Highlighting the low rate of conviction in money laundering cases, the Supreme Court on Wednesday suggested the Enforcement Directorate (ED) to focus on the quality of evidence and prosecution in cases registered under the Prevention of Money Laundering Act (PMLA).

The Bench of Justice Surya Kant, Justice Dipankar Datta and Justice Ujjal Bhuyan made the observation while hearing a bail petition of Chhattisgarh-based businessman Sunil Kumar Agarwal, arrested under PMLA, in connection with an alleged coal transportation scam.

Referring to the information provided by Union Minister of State for Home Nityanand Rai on August 6 in the Parliament, the Bench noted that since the amendment of the Act in 2014, 5000 odd cases have been registered, while conviction have been obtained only in 40 cases.

The Apex Court directed the national agency to pay attention on the quality of prosecution and quality of evidence. It said all the matters in which the ED was satisfied of having a prima facie case, the agency needed to establish the same in the court.

The Bench said in the present case, ED was merely ‘harping’ upon oral evidence, such as some statements given by the persons and some affidavits given by 2-3 persons. The person may not stand by his/her statement in the witness box. There was no surety whether the person may or may not be able to face cross-examination. the agency should instead go by some scientific investigation, added the Court.

Appearing for ED, ASG SV Raju asserted that a statement became admissible and was treated as a piece of evidence under Section 50 PMLA, unlike Section 161 CrPC, which was hit by the bar of Section 162.

The ASG then stressed on Section 45 PMLA, which imposed twin conditions for bail.

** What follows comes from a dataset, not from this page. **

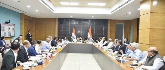 केंद्रीय मंत्री श्री पीयूष गोयल की अध्यक्षता में समीक्षा बैठक में नीति आयोग के सदस्य (विज्ञान और प्रौद्योगिकी), डॉ. वी के सारस्वत, भारत सरकार के प्रधान वैज्ञानिक सलाहकार (पीएसए) प्रो. अजय के.

The Bench responded that Section 19 PMLA required the arresting officer to form an opinion that the accused was guilty of the offence. It was the requirement of law. Before Section 45, Section 19 (grounds of arrest) has to be satisfied.

If ED could not sustain an order under Section 19, the national agency could not perhaps say that the burden was on the accused to show that he was not guilty. If the national agency was not sure that the accused was guilty, how could ED ask the accused to prove before the Court that he/she was not guilty.

Appearing for the businessman, Senior Advocate Mukul Rohatgi contended that in Arvind Kejriwal’s case, the Apex Court held that reasons to believe, besides grounds of arrest, have to be supplied to the accused.

He added that as per the judgement, there also must be a necessity to arrest, based on evidence with the Investigating Officer.

Agarwal was earlier granted interim bail by the Court on May 17, after noting that there was no scheduled offence made out against him as per the charge sheet filed in the predicate case. The Bench today confirmed its May 17 order and disposed of the SLP.

Agarwal was represented by Senior Advocates Rohtagi and Vikas Pahwa, along with Advocates Tushar Giri and Sahil Bhalaik.